§ Work required:
Could the records below please be retyped exactly, with their pictures left out?

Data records
>>>>

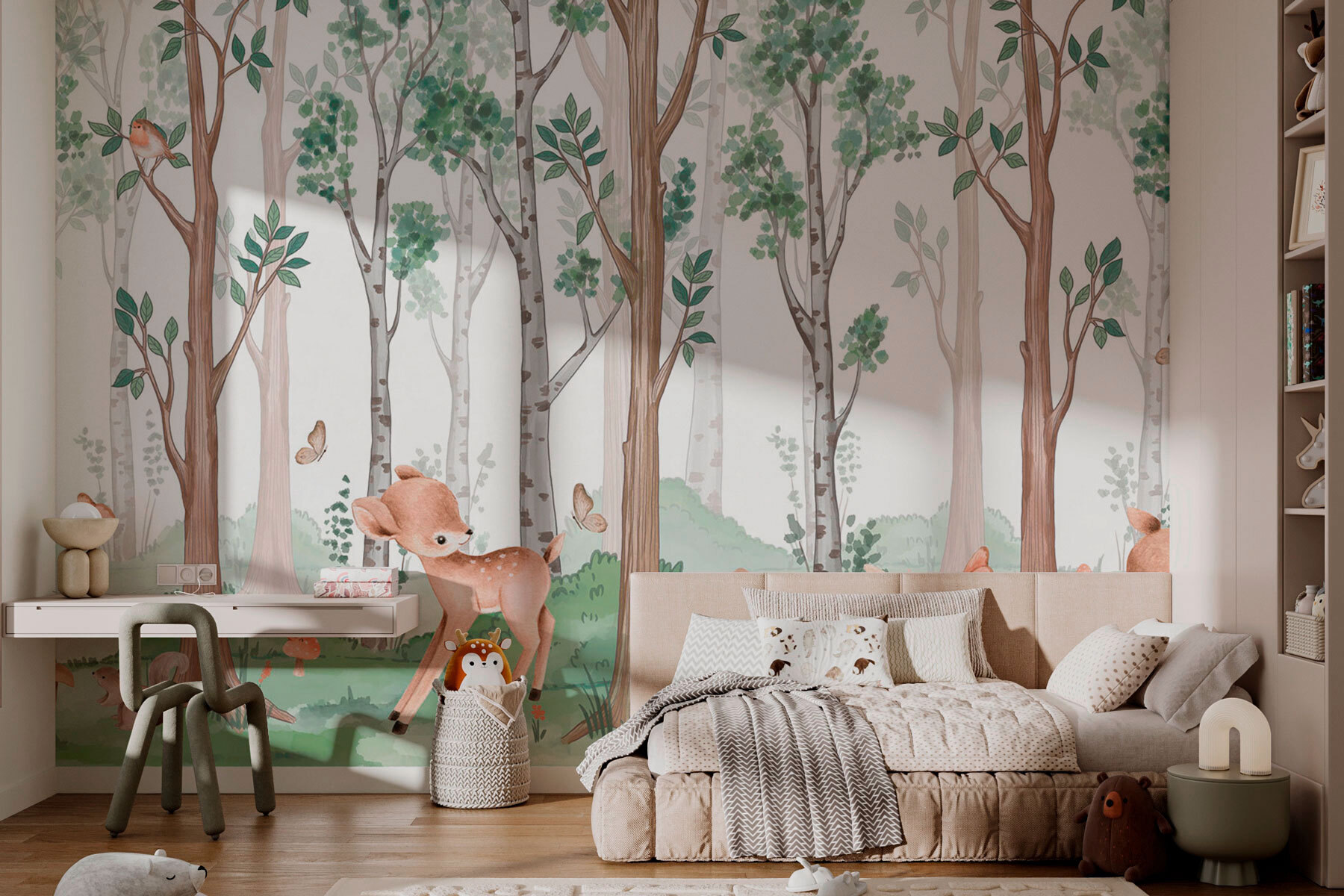 Transform a boring wall into a whimsical woodland escape with this delightful wall mural. Imagine a forest filled with gentle deer, curious bunnies, and fluttering butterflies—it’s like a secret garden right in your living room. This mural invites you to step into nature without the pesky bugs or muddy shoes. It’s perfect for a cozy reading nook or a playful kid’s room. Plus, who doesn’t love a good squirrel sighting? Fresh greens and soft browns create a calming vibe that’s easy on the eyes. Suddenly, every day feels like a little adventure!
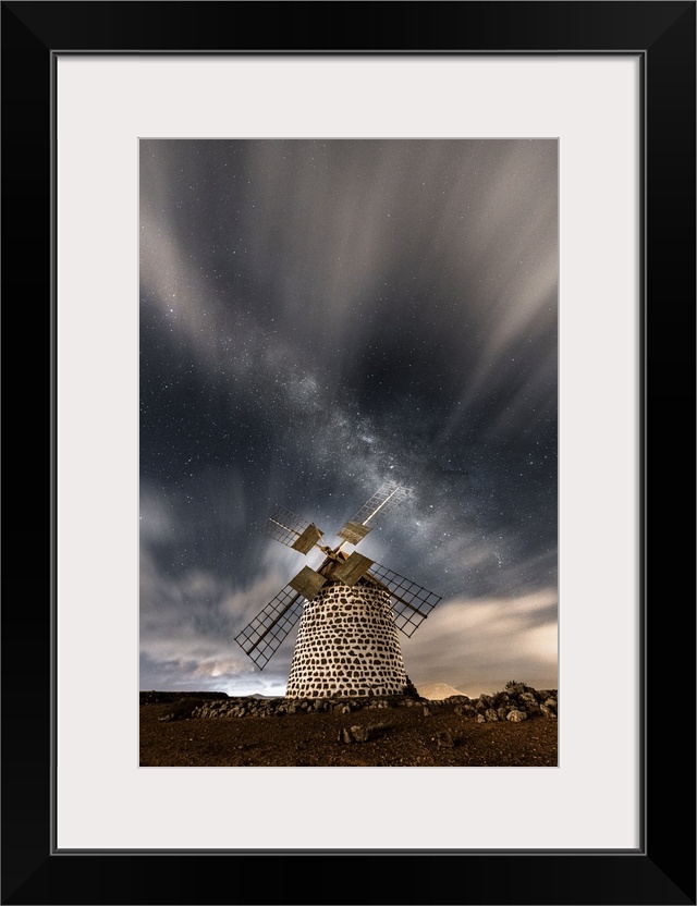<p>Starry sky above the stone windmill, La Oliva, Fuerteventura, Canary Islands, Spain.</p>
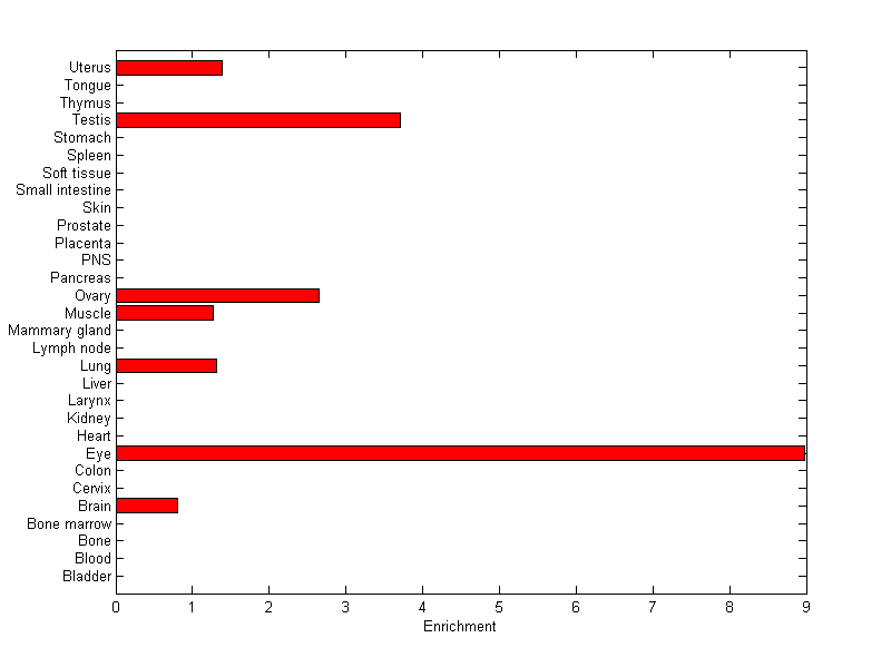 About the profile: The expression level is normalized with tissue-library size. Each value for a gene in a tissue is a ratio of observed ESTs to the expected one in this tissue. The expected number of ESTs is the product of total ESTs of the gene and the fraction of total ESTs in the tissue among all ESTs in 30 tissues. Summary: This gene is preferentially expressed in [eye] Download: |
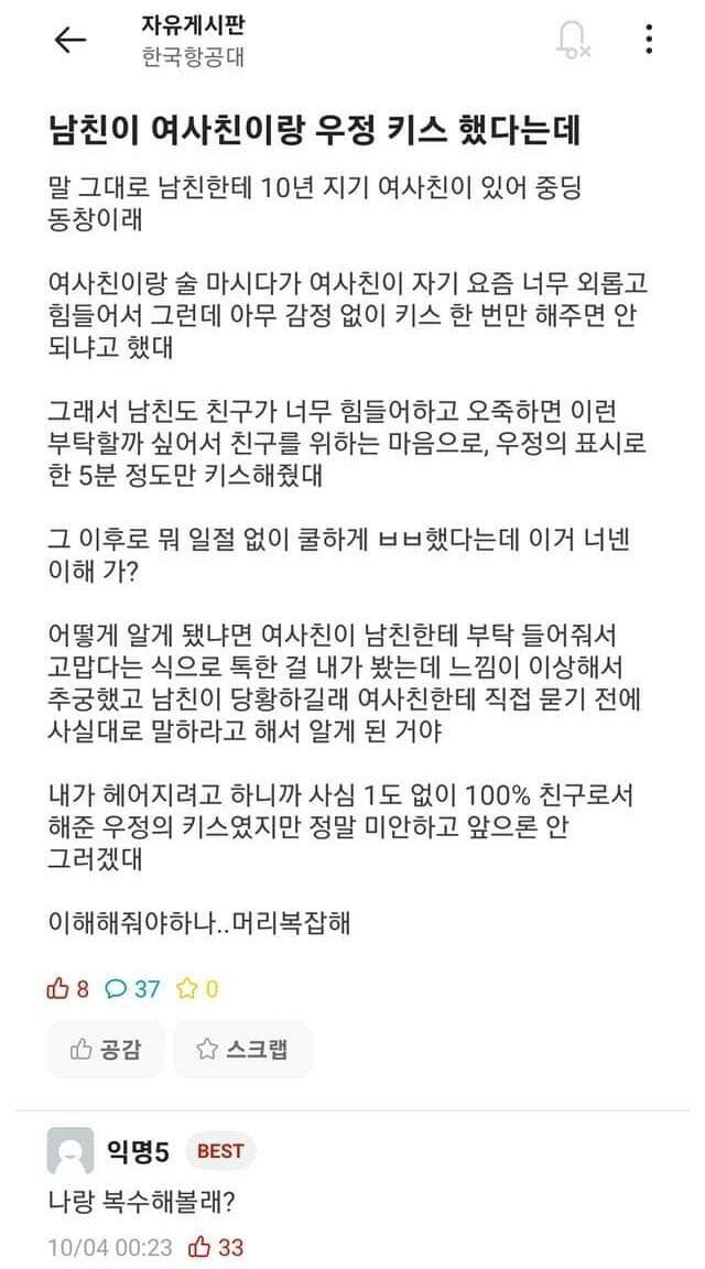 여사친이랑 우정키스한 남자친구
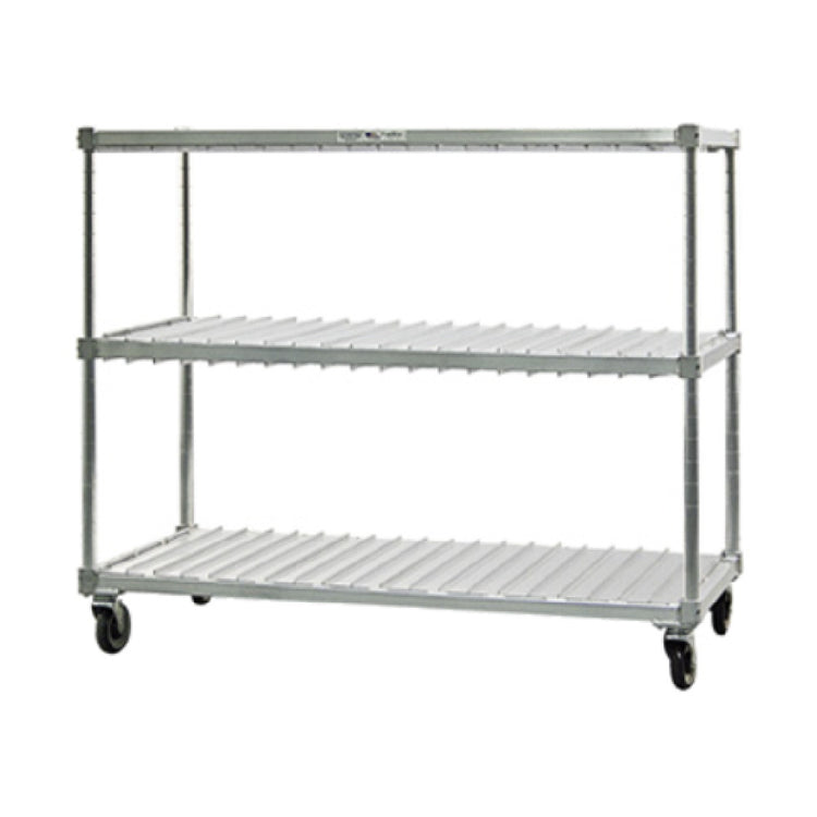 The New Age Industrial 96090 Tray-Drying Rack Mobile 2 Tray Levels is a premier solution for establishments requiring efficient tray drying and storage. Engineered with precision, this mobile tray rack accommodates 40 trays, with 20 trays fitting on each of its two levels, specifically designed to house 18" x 26" trays. The rack is built with a substantial 2.65" angle spacing that supports optimal air circulation between trays, enhancing drying efficiency. This robust unit is constructed from heavy-duty aluminum, ensuring durability and longevity in environments demanding high performance and strength. The inclusion of four 5" platform casters enhances its mobility, allowing for easy relocation within various operational spaces, making it an excellent choice for bakeries, catering services, and industrial kitchens. The unit is shipped knocked down (KD) for convenient assembly and space-saving transportation. Proudly made in the USA, it meets NSF standards for safety and quality, reinforcing its reliability and suitability in professional settings committed to maintaining high hygiene standards. The New Age Industrial 96090 Tray-Drying Rack is a versatile and resilient choice for diverse market segments seeking superior tray storage and drying solutions.
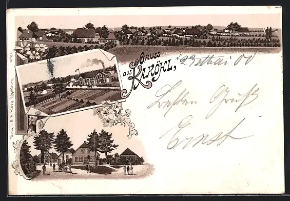 Lithographie Kaköhl, Gasthaus mit Umgebung, Ortspartie, Totalansicht
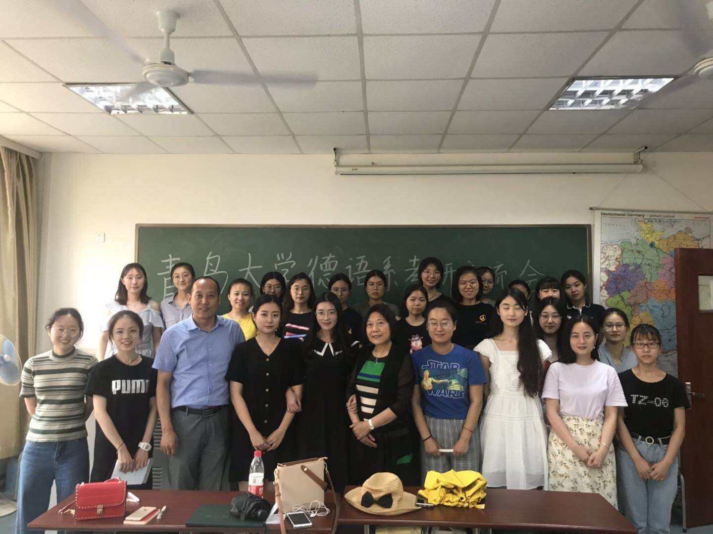 在夏季学期来临之际,beat365 官方网站德语系于6月27日下午在博文楼310教室召开考研经验交流会。德语系主任綦甲福和陈骏飞老师与2015级优秀毕业生一起,对2016、2017级近30名同学的考研及未来规划提出了意见和建议,并对相关问题进行了解答。
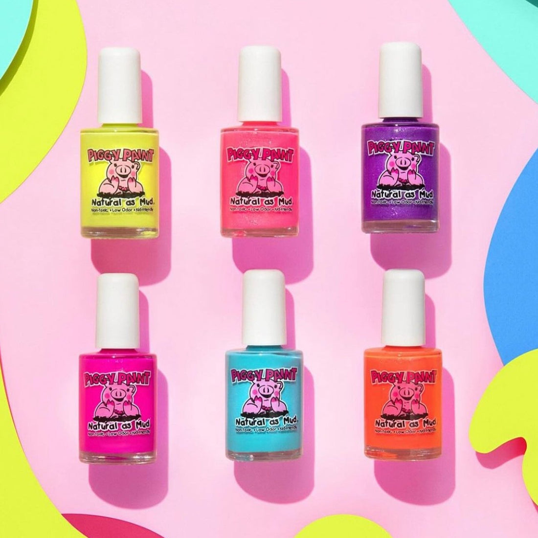 Get ready to sparkle with Neon Coral Shimmer nail polish from Piggy Paint.

<<<<

§ Solution for this problem:
 Transform a boring wall into a whimsical woodland escape with this delightful wall mural. Imagine a forest filled with gentle deer, curious bunnies, and fluttering butterflies—it’s like a secret garden right in your living room. This mural invites you to step into nature without the pesky bugs or muddy shoes. It’s perfect for a cozy reading nook or a playful kid’s room. Plus, who doesn’t love a good squirrel sighting? Fresh greens and soft browns create a calming vibe that’s easy on the eyes. Suddenly, every day feels like a little adventure!
<p>Starry sky above the stone windmill, La Oliva, Fuerteventura, Canary Islands, Spain.</p>
 About the profile: The expression level is normalized with tissue-library size. Each value for a gene in a tissue is a ratio of observed ESTs to the expected one in this tissue. The expected number of ESTs is the product of total ESTs of the gene and the fraction of total ESTs in the tissue among all ESTs in 30 tissues. Summary: This gene is preferentially expressed in [eye] Download: |
 여사친이랑 우정키스한 남자친구
 The New Age Industrial 96090 Tray-Drying Rack Mobile 2 Tray Levels is a premier solution for establishments requiring efficient tray drying and storage. Engineered with precision, this mobile tray rack accommodates 40 trays, with 20 trays fitting on each of its two levels, specifically designed to house 18" x 26" trays. The rack is built with a substantial 2.65" angle spacing that supports optimal air circulation between trays, enhancing drying efficiency. This robust unit is constructed from heavy-duty aluminum, ensuring durability and longevity in environments demanding high performance and strength. The inclusion of four 5" platform casters enhances its mobility, allowing for easy relocation within various operational spaces, making it an excellent choice for bakeries, catering services, and industrial kitchens. The unit is shipped knocked down (KD) for convenient assembly and space-saving transportation. Proudly made in the USA, it meets NSF standards for safety and quality, reinforcing its reliability and suitability in professional settings committed to maintaining high hygiene standards. The New Age Industrial 96090 Tray-Drying Rack is a versatile and resilient choice for diverse market segments seeking superior tray storage and drying solutions.
 Lithographie Kaköhl, Gasthaus mit Umgebung, Ortspartie, Totalansicht
 在夏季学期来临之际,beat365 官方网站德语系于6月27日下午在博文楼310教室召开考研经验交流会。德语系主任綦甲福和陈骏飞老师与2015级优秀毕业生一起,对2016、2017级近30名同学的考研及未来规划提出了意见和建议,并对相关问题进行了解答。
 Get ready to sparkle with Neon Coral Shimmer nail polish from Piggy Paint.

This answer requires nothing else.